Смягчает сердце и молитва. Но не та лишь, в которой просим мы Бога о милости к нам и к тем, кого мы любим, – она-то и остается часто холодной и безжизненной, заставляя печалиться и гадать, отчего это так. Оттого, что слишком мало в ней места мы находим для тех, кто не близок, кто еще далек от нас, тем более – для того, кто нам враждебен. Что ответил однажды преподобный Паисий Святогорец монаху, спрашивавшему, какие приемы использовать для преуспеяния в молитве Иисусовой? Посоветовал усердно молиться о других, научиться воспринимать их боль как свою – именно из этого чувства и рождается настоящая молитва.

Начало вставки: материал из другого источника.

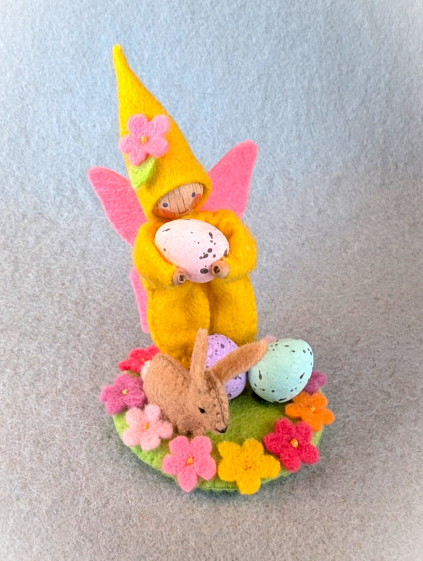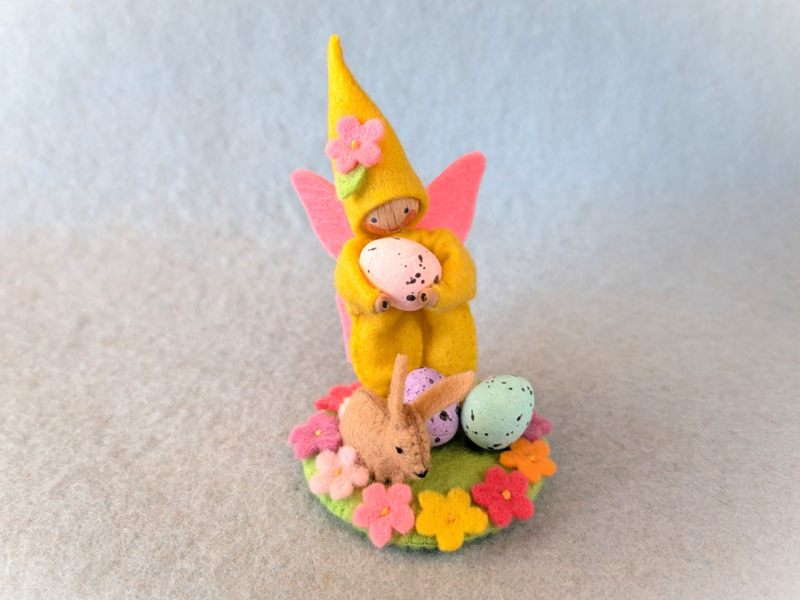 Deze Paaskabouter is een lief, fluffy kaboutertje met kleine vleugeltjes en is ongeveer 9 cm groot, de eieren 2 cm,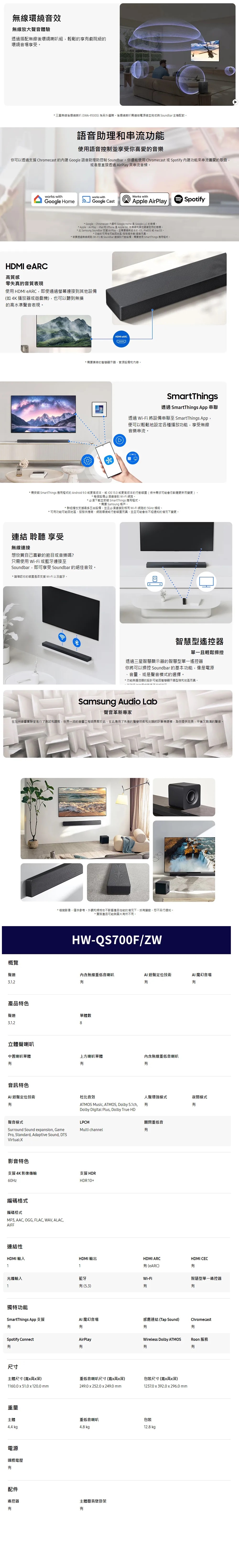 HW-QS700F/ZW,HW-QS700F,QS700F,三星,SAMSUNG,Soundbar,3.1.2ch重低音喇叭,聲霸,音響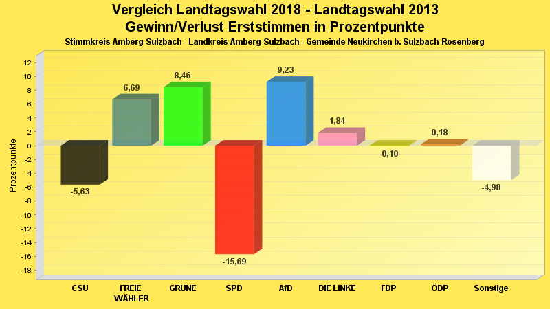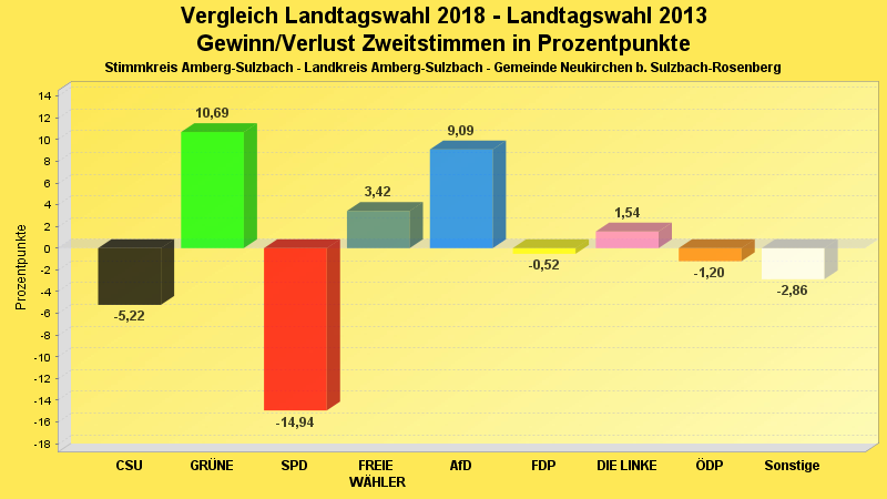 | Partei | Zweitstimmen 2018 | Prozent 2018 | Zweitstimmen 2013 | Prozent 2013 | |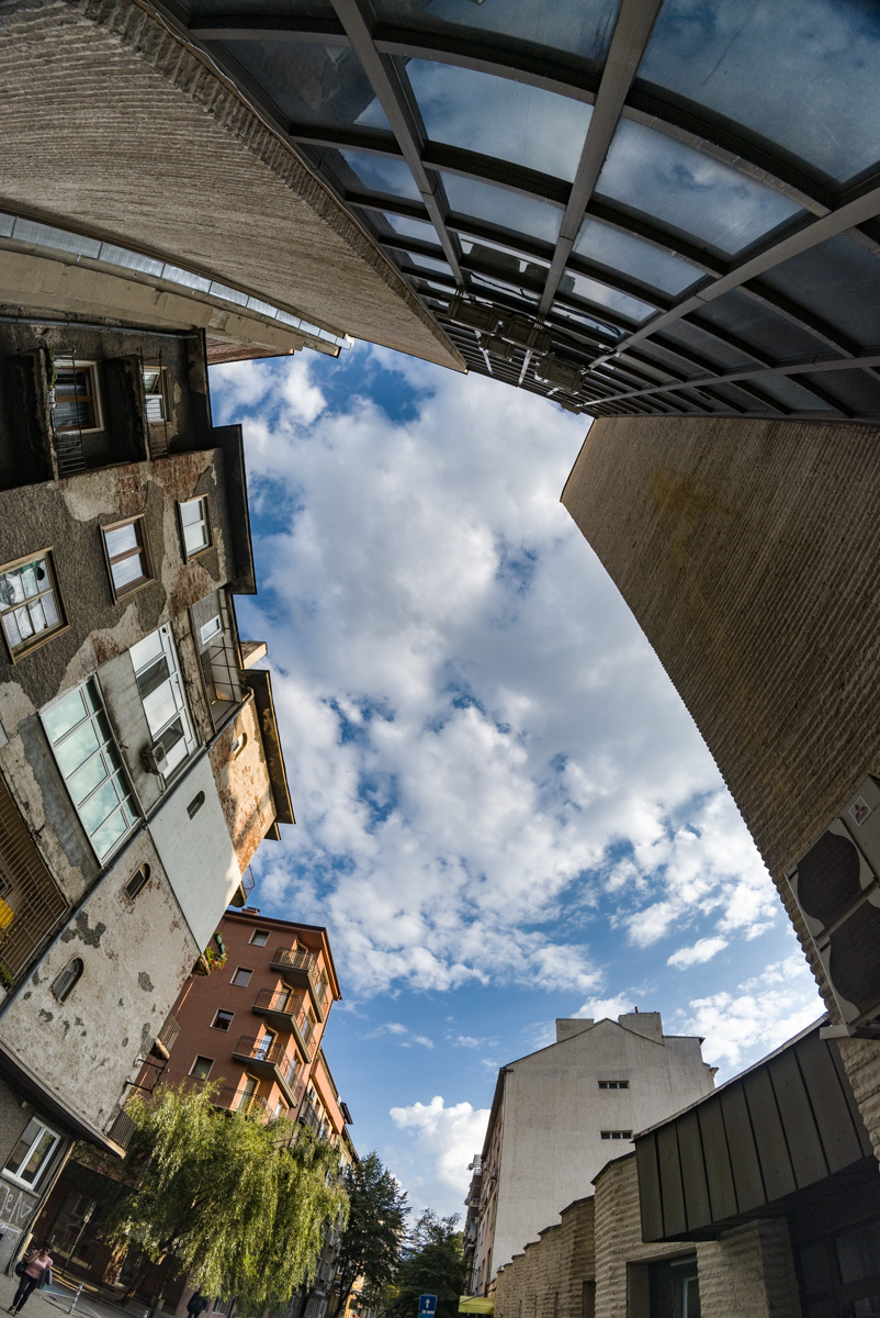 Доста си поиграх с нея и като фотокамера и поснимах в мой си стил градски пейзаж. Харесва ми това, че Insta360 ONE R може да снима освен в Jpeg и в RAW (DNG) и после да обработя снимките в по-сериозен софтуер. Недостатък, който открих при снимането в RAW е, че се вижда в единия ъгъл затъмняване от предпазното стъкло. Явно е, че производителят знае за този проблем, защото Jpeg изображенията, освен малко напомпани цветово, са и леко кропнати (може да видите пример). При снимане в съотношение 16:9 този проблем не съществува, но тогава снимате на по-ниска от пълната резолюция.

И, конечно, желая стяжать сердце милующее и сострадательное, необходимо творить дела милосердия – не какие-то особенные, которые нужно специально придумывать, изобретать, конструировать, а те, нужду в коих подсказывает сама повседневная жизнь, та или иная ситуация, случай. Сначала – хотя бы из ощущения необходимости, долга. Из осознания того, что и ты сам желал бы, чтобы с тобой поступали так же – прощали, понимали, принимали, поддерживали, помогали и утешали. А затем – все чаще и чаще – начнет появляться это удивительное чувство: ты не просто делаешь то, что угодно Богу, нет, ты радуешься тому, чему радуется Он, ты делаешь это вместе с Ним. И ты вдруг узнаёшь, что это такое – чувствовать себя сыном Отца Небесного. И, узнав, ни за что не захочешь этого чувства лишиться. Настолько дорогим оно окажется.

Добавить комментарий

Ваш e-mail не будет опубликован.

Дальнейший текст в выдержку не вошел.